*What you should do*.
Could you write out every record below exactly, leaving out any pictures?

*** Opening Material provided ***

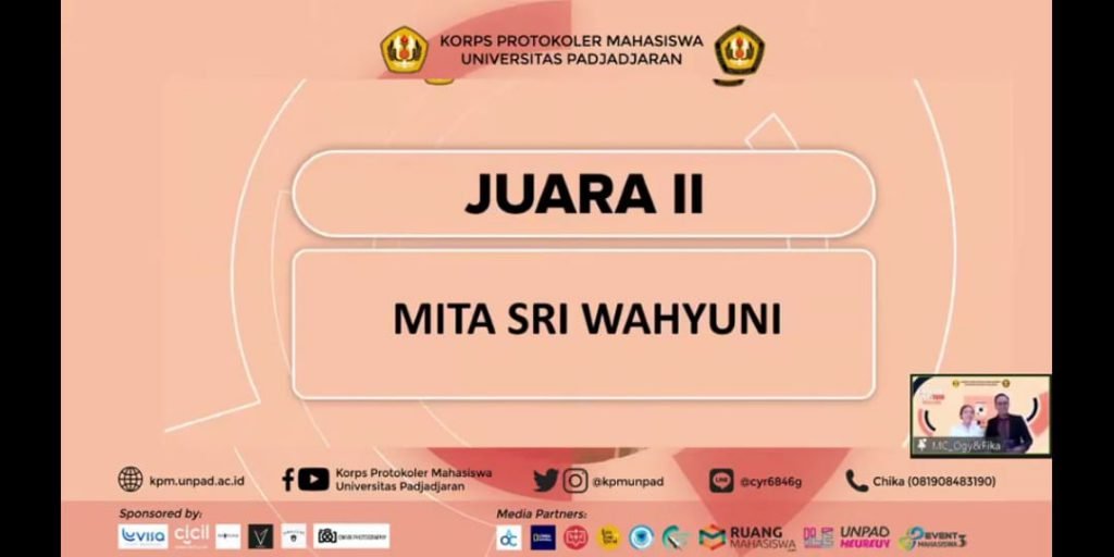 Prestasi membanggakan diraih Mita Sri Wahyuni. Mahasiswi Jurusan KPI Fakultas Ushuluddin Adab dan Dakwah IAIN Syekh Nurjati Cirebon berhasil mencatatkan namanya menjadi juara 2 Protocol Fair 2020 yang digelar Universitas Padjadjaran (UNPAD), Bandung, Minggu (15/11). Keberhasilan Mita membawa harum nama kampusnya di kancah Jawa Barat
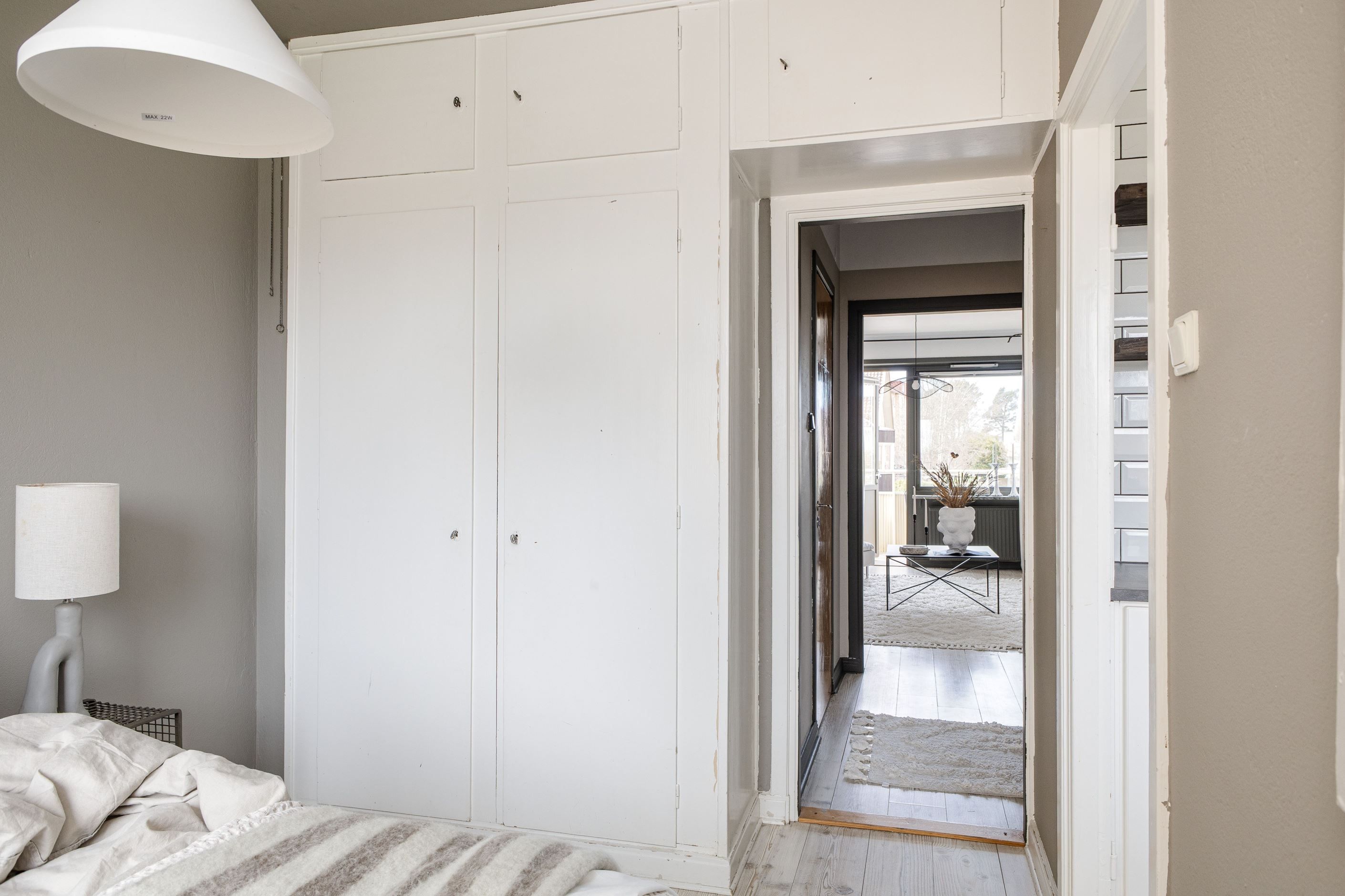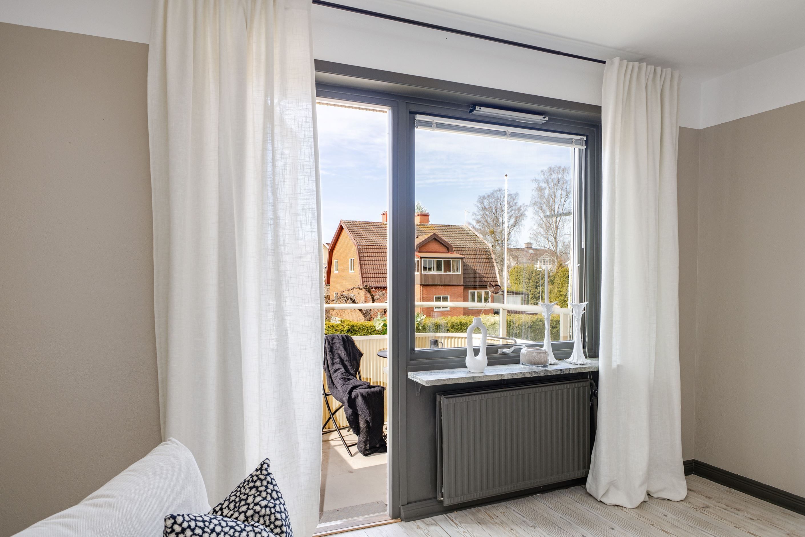 Köket är stilrent och funktionellt med plats för en mindre matgrupp - perfekt för både vardagsmiddagar och mysiga helgfrukostar. Intill ligger ett flexibelt rum som kan användas som sovrum eller matsal, helt utifrån dina behov och önskemål. Det rymliga vardagsrummet blir bostadens självklara samlingspunkt, med gott om plats för både soffgrupp och matplats för den som önskar. Härifrån kliver du ut på den härliga balkongen i soligt sydvästläge som blir en given favoritplats där du kan njuta av eftermiddagssol och ljumma sommarkvällar. Vidare finner du badrummet som är helkaklat, dessutom förberett för tvättmaskin för extra bekvämlighet i vardagen.
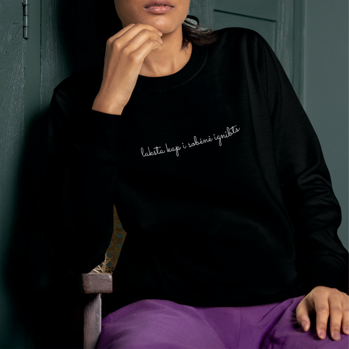Juodas UNISEX džemperis be gobtuvo su žemaitišku užrašu "Laksta kap i sobene ignibts"
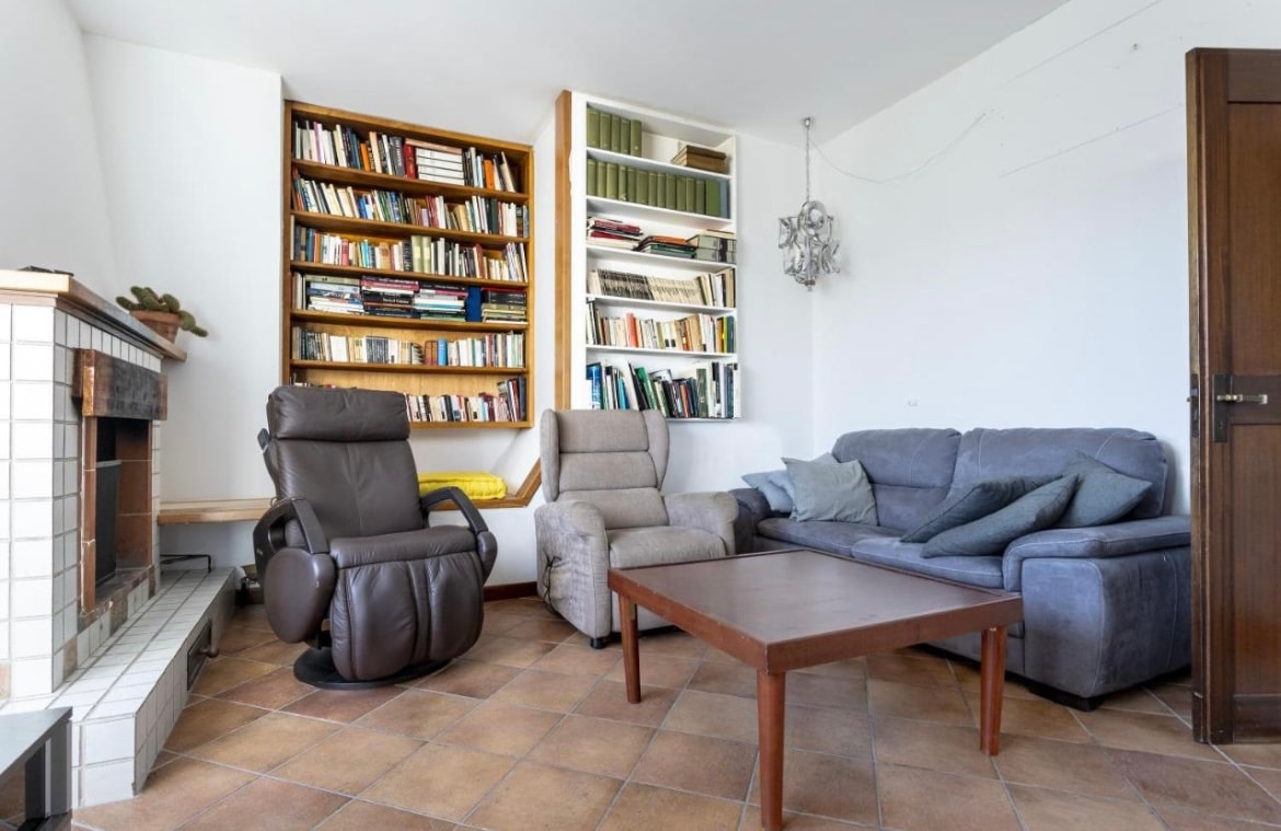 Guests have access to a shared kitchen area, as well as the large living room with sofas, coffee tables, bookcase, buffet, coffee maker.
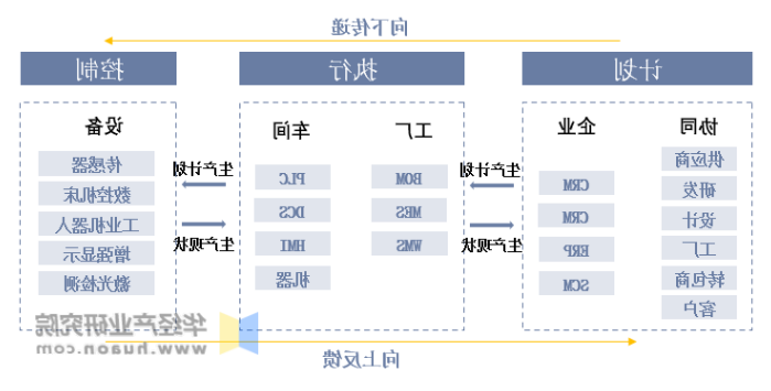智能工厂包含三项流程,可再细分为五个层面,层与层之间相互联系,形成闭环。计划流程包括协同层和企业层,其中协同层指在商业生态环境中,企业与其他参与者进行互动,将各自的实时数据上传至共享平台,形成数据库,企业层指企业内部的生产管理软件从共享平台获取数据并进行分析,展开预测性分析,制定工作计划并排产,向下传达至执行部门;执行层主要负责接发生产任务并执行;控制层主要对对生产设备进行实时监控与中期检测,保证产品质量,协助必要维修工作。
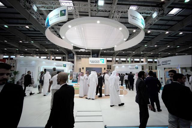 Visitors are seen at the Saudi Aramco stand at the Middle East
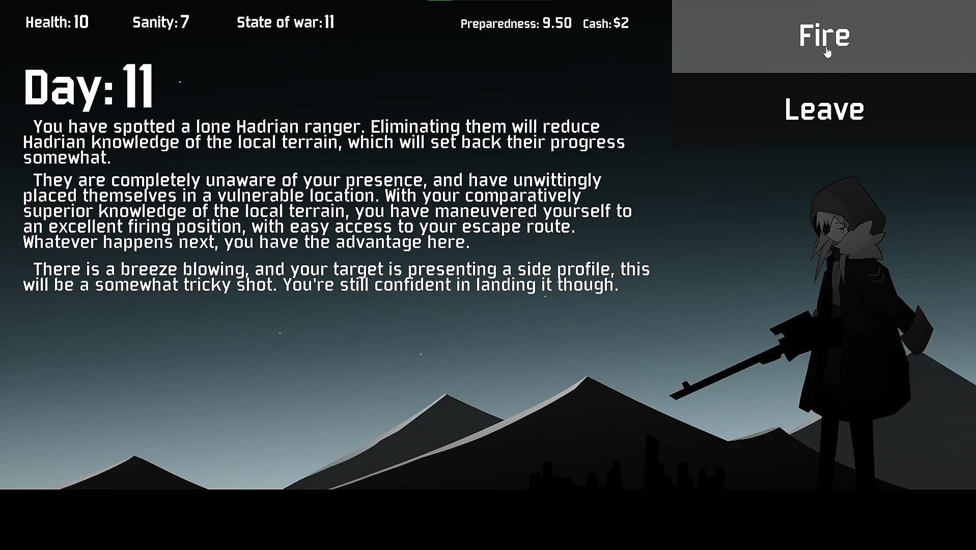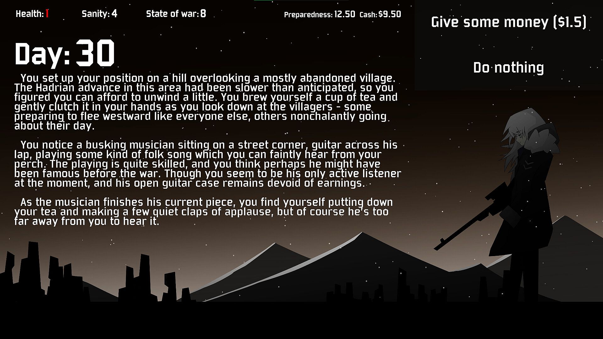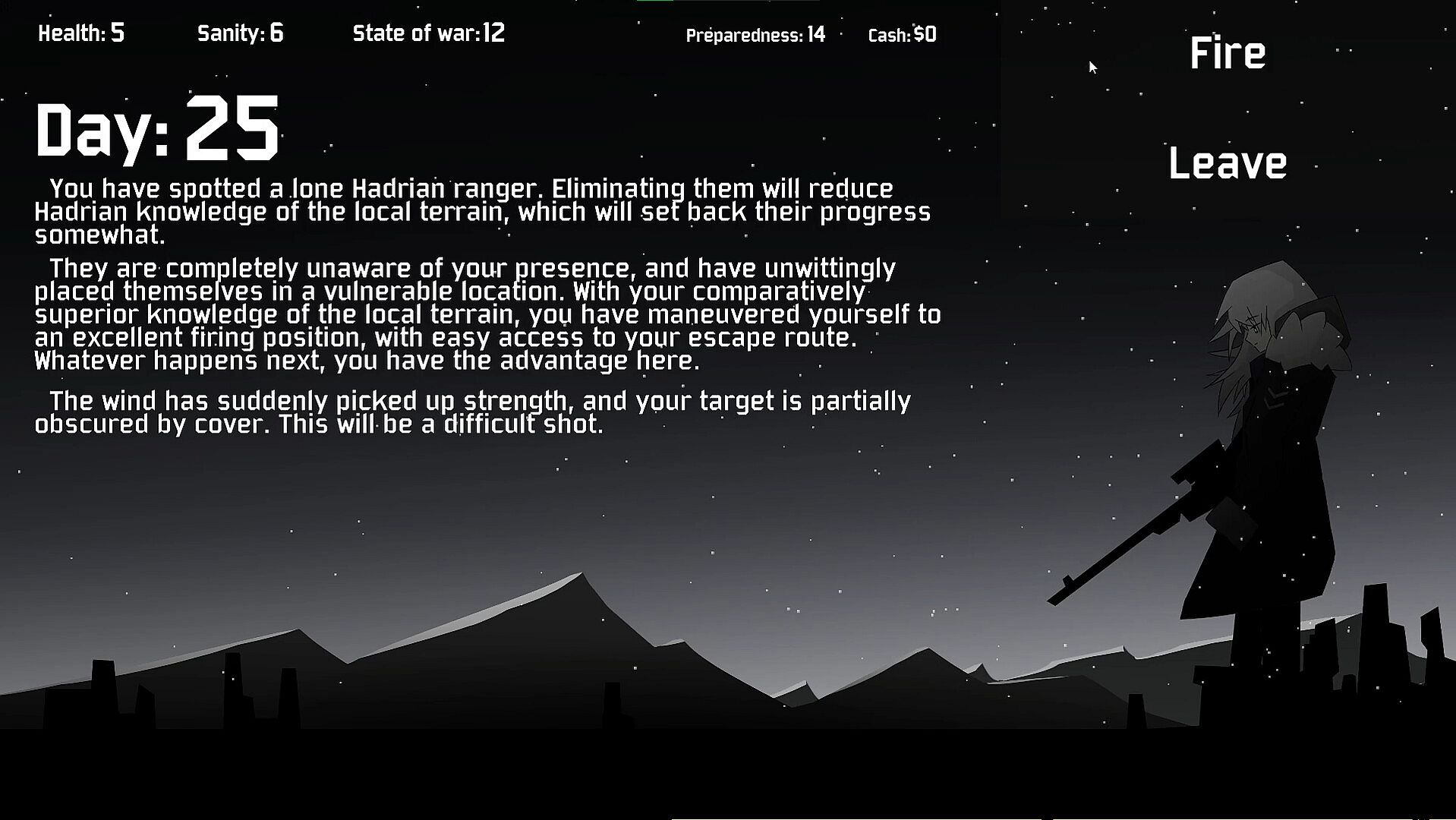 On your back lies a small saving grace: a state-of-the-art imported bolt action sniper rifle, far superior to any domestically manufactured equivalent. You forgot exactly how it fell into your hands in the midst of the chaotic rout. And despite everything, part of you wished its previous owner was still alive.
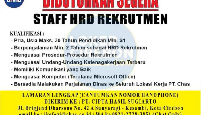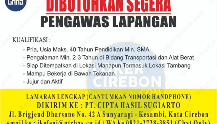 PT Cipta Hasil Sugiarto (PT CHS), salah satu perusahaan terkemuka di Indonesia dalam industri transportasi darat dan penyewaan alat berat, sedang melaksanakan rekrutmen besar-besaran untuk mengisi empat posisi strategis di kantor pusat Cirebon.
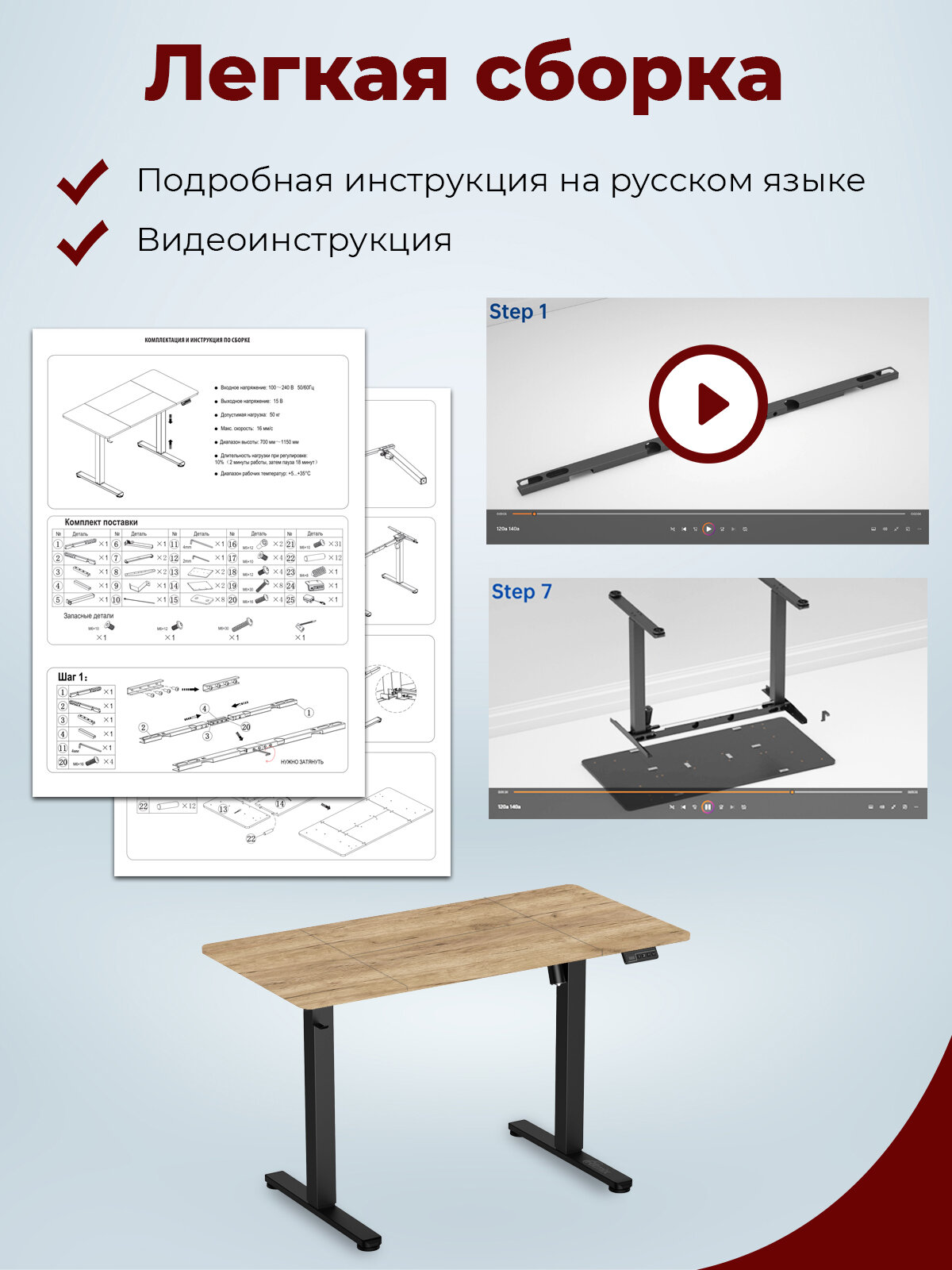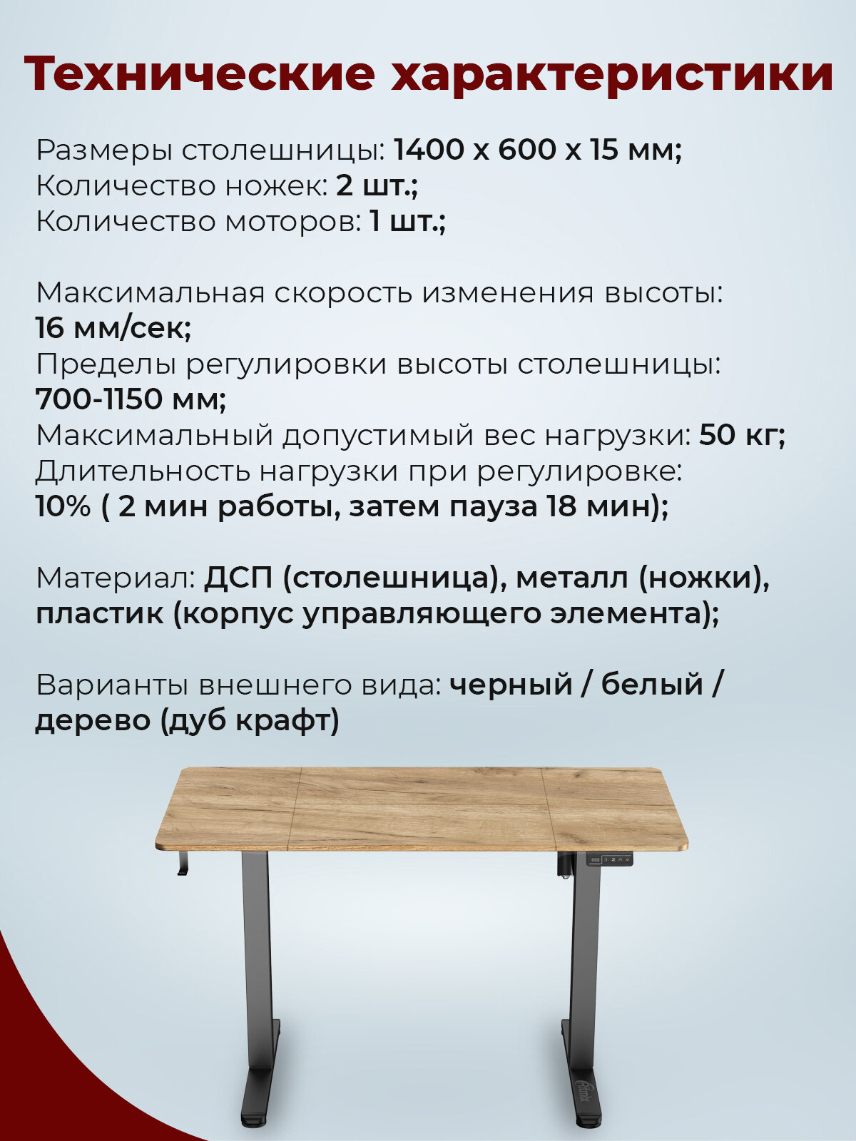 | Дополнительная информация | Размеры столешницы 1200х600х15 мм. Количество ножек 2 шт. Количество моторов 1 шт. Максимальная скорость изменения высоты 16 мм/сек. Пределы регулировки высоты столешницы 700-1150 мм. Максимальный допустимый вес нагрузки 50 кг. |

*** Closing Material provided ***

*Reply to the exercise*.
 Prestasi membanggakan diraih Mita Sri Wahyuni. Mahasiswi Jurusan KPI Fakultas Ushuluddin Adab dan Dakwah IAIN Syekh Nurjati Cirebon berhasil mencatatkan namanya menjadi juara 2 Protocol Fair 2020 yang digelar Universitas Padjadjaran (UNPAD), Bandung, Minggu (15/11). Keberhasilan Mita membawa harum nama kampusnya di kancah Jawa Barat
 Köket är stilrent och funktionellt med plats för en mindre matgrupp - perfekt för både vardagsmiddagar och mysiga helgfrukostar. Intill ligger ett flexibelt rum som kan användas som sovrum eller matsal, helt utifrån dina behov och önskemål. Det rymliga vardagsrummet blir bostadens självklara samlingspunkt, med gott om plats för både soffgrupp och matplats för den som önskar. Härifrån kliver du ut på den härliga balkongen i soligt sydvästläge som blir en given favoritplats där du kan njuta av eftermiddagssol och ljumma sommarkvällar. Vidare finner du badrummet som är helkaklat, dessutom förberett för tvättmaskin för extra bekvämlighet i vardagen.
Juodas UNISEX džemperis be gobtuvo su žemaitišku užrašu "Laksta kap i sobene ignibts"
 Guests have access to a shared kitchen area, as well as the large living room with sofas, coffee tables, bookcase, buffet, coffee maker.
智能工厂包含三项流程,可再细分为五个层面,层与层之间相互联系,形成闭环。计划流程包括协同层和企业层,其中协同层指在商业生态环境中,企业与其他参与者进行互动,将各自的实时数据上传至共享平台,形成数据库,企业层指企业内部的生产管理软件从共享平台获取数据并进行分析,展开预测性分析,制定工作计划并排产,向下传达至执行部门;执行层主要负责接发生产任务并执行;控制层主要对对生产设备进行实时监控与中期检测,保证产品质量,协助必要维修工作。
 Visitors are seen at the Saudi Aramco stand at the Middle East
 On your back lies a small saving grace: a state-of-the-art imported bolt action sniper rifle, far superior to any domestically manufactured equivalent. You forgot exactly how it fell into your hands in the midst of the chaotic rout. And despite everything, part of you wished its previous owner was still alive.
 PT Cipta Hasil Sugiarto (PT CHS), salah satu perusahaan terkemuka di Indonesia dalam industri transportasi darat dan penyewaan alat berat, sedang melaksanakan rekrutmen besar-besaran untuk mengisi empat posisi strategis di kantor pusat Cirebon.
 | Дополнительная информация | Размеры столешницы 1200х600х15 мм. Количество ножек 2 шт. Количество моторов 1 шт. Максимальная скорость изменения высоты 16 мм/сек. Пределы регулировки высоты столешницы 700-1150 мм. Максимальный допустимый вес нагрузки 50 кг. |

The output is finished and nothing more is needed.